To illustrate the point I’ve included some pretty obvious character modifications in the above example. This is how our fake URL looks in the Google Chrome Omnibox, too.
Stands out, right? If the URL appears as a link in an email, some users won’t catch the difference. The same can be said for the browser status bar that previews the URL you’re about to click. It is small and somewhat out of sight, so you might not notice a URL with subtler differences than our example.
Punycode
You don’t have to become a victim. Some modern browsers are already taking steps to stop users visiting URL lookalike sites. Chrome, Safari, Opera, and Microsoft Edge all have mitigations in place.
Brian Krebs’ site has a great example of this mitigation tactic, where an inconspicuous-but-fake version of ca.com actually resolves to xn--80a7a.com.
This translation is known as “Punycode,” and many browsers use this special encoding format to provide direct protection against homograph phishing attacks. Punycode essentially locks the browser character set to a basic ASCII set containing a-z, A-Z, and 0-9 (also known as the LDH rule, for Letters, Digits, Hyphens).
Want to see how your website shapes up? Check out this domain checker that Hold Security developed. Pop your domain and corresponding top-level domain (such as .com or .org) into the search, and off you go. Luckily for us, there are no makeuseof.com impersonators on the internet—but there are 186 possible variations if someone did want to mimic the site.
Typosquatting
Internationalized domain name homograph phishing attacks aren’t all that new. They’re increasing in notoriety because scammers are making better use of their available toolset. The homograph attack is actually very similar to another domain phishing scam: typosquatting.
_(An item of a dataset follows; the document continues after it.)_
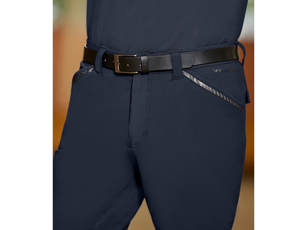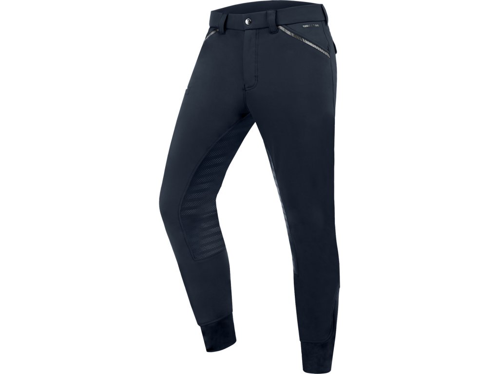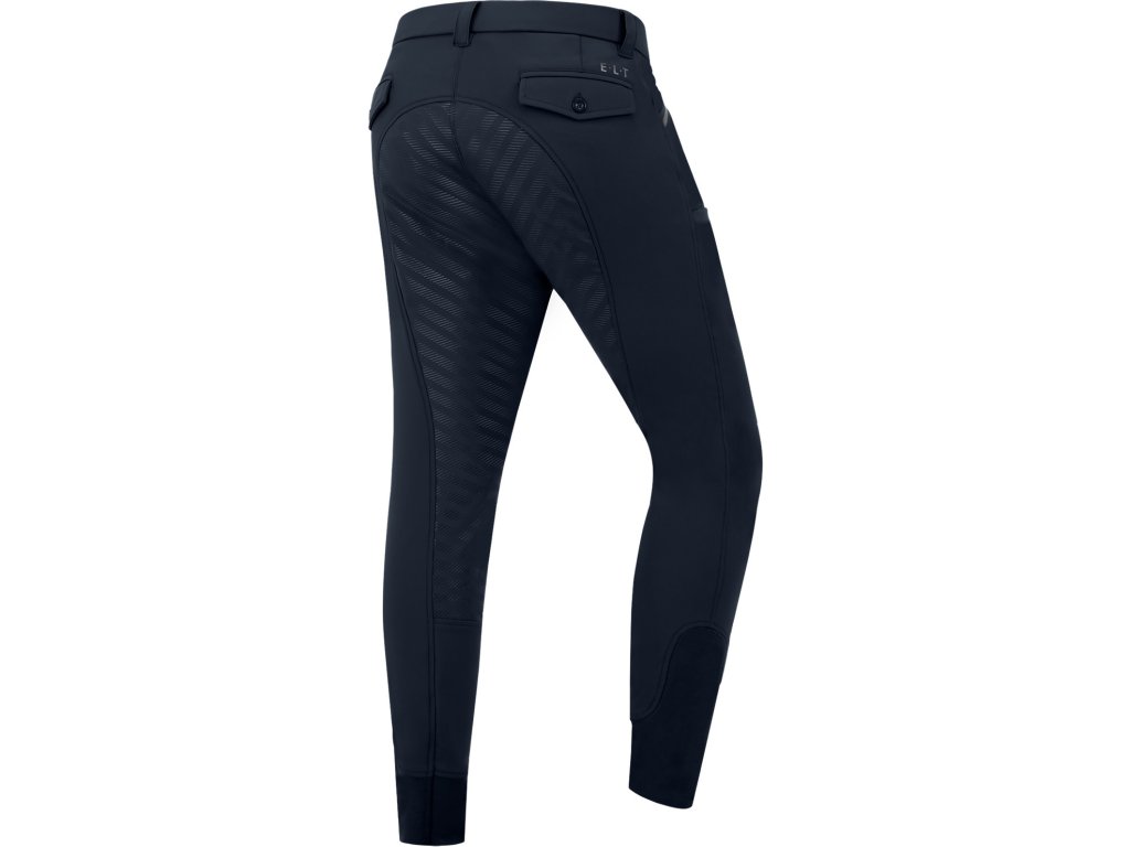 Męskie bryczesy do jazdy konnej z pełnym lejem i efektem kompresji. Elastyczne końcówki nogawek zapewniają komfort i łatwe zakładanie. Wysoce elastyczny, stabilny wymiarowo i oddychający materiał. Dwie przednie kieszenie bez zapięcia, tylko klapki z guzikiem z tyłu.

Typosquatting is the practice of registering a slew of commonly misspelled domain names and hosting malicious content or a fake login portal for unsuspecting users. For instance, how many times have you rapidly typed “Amozon” or “Facebok?” Actually, larger sites like this sometimes account for misspellings, and you’ll end up at the right place… most of the time. You should remain vigilant, though.
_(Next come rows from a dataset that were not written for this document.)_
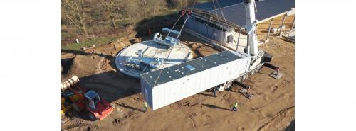 Anlieferung der Container für das BHKW des Alfhausener Fernwärmenetzes Quelle: Rasche & Weßler GmbH |
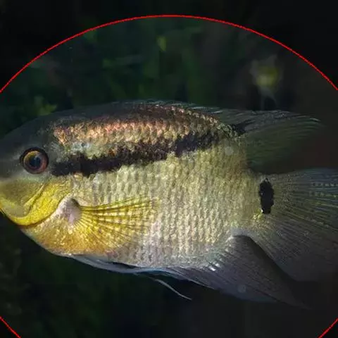 小型慈鲷,成年个体10~12cm,如同鲈鱼一般的典型的鲈形目的体型,体色橙黄,背鳍近边缘处有一条宽约2mm的黑色条纹非常清晰和显眼。雌雄同形,雄性个体稍大。
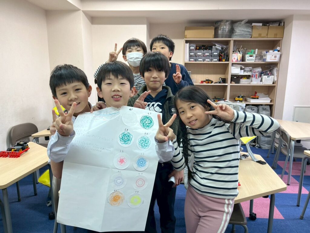 スパイログラフ(幾何学模様を描く道具)を使って、数字の組み合わせによって模様がどう変わるかを探究しながらオリジナルコースターをデザインしました。
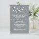 En underbar bilaga till ställe innehåller alla uppgifter som inte finns med på bröllopsinbjudan eller OSA kort - t.ex. mottagningsinformation eller bröllop webbplats. Koordineras perfekt med True Simpity-samlingen. Det här är en blandning eller matchningssamling. Kontakta mig om du vill ha hjälp med att anpassa textdelen av den här detaljinfogningen.

Staying Secure and Avoiding Spoofed URLs
Spotting a doctored or tampered URL comes with its own set of difficulties. Moreover, if the malicious URL has a “legitimate” HTTPS certificate, it makes detection that bit harder. But you don’t have to struggle alone.
As previously mentioned, your browser attempts to mitigate this issue already by forcing all URLs to adhere to Punycode. Outside the browser, however, you’re more or less flying solo—but here are a few tips, nonetheless.
- Emails: Don’t click links within emails. You should always double check where the link you’re about the click is taking you, even if it is from someone you trust.
- Email client: Depending on your email client, you might have the option to disable links within incoming emails completely; alternatively, increasing the junk-filter level will remove a significant amount of incoming malicious mail.
- Link check: Use a link checker if you’re unsure. For instance, you receive a suspect link via email. Instead of clicking it, copy and paste it into one of these five-link checkers to validate it. The same goes for your social media accounts.
- Social media: Similar to your email, don’t just click on any link that pops up on your feed.
- Browser: Keep your browser up to date. An update to Chrome and Firefox in 2017 suddenly altered the Punycode encoding process and made both browsers temporarily vulnerable to a homograph attack.
And, as ever, education as to the myriad security threats we face online is the best mitigation tactic of all. Once you start to notice some of the more obvious malicious online activities taking place around you, you’re immediately working much safer.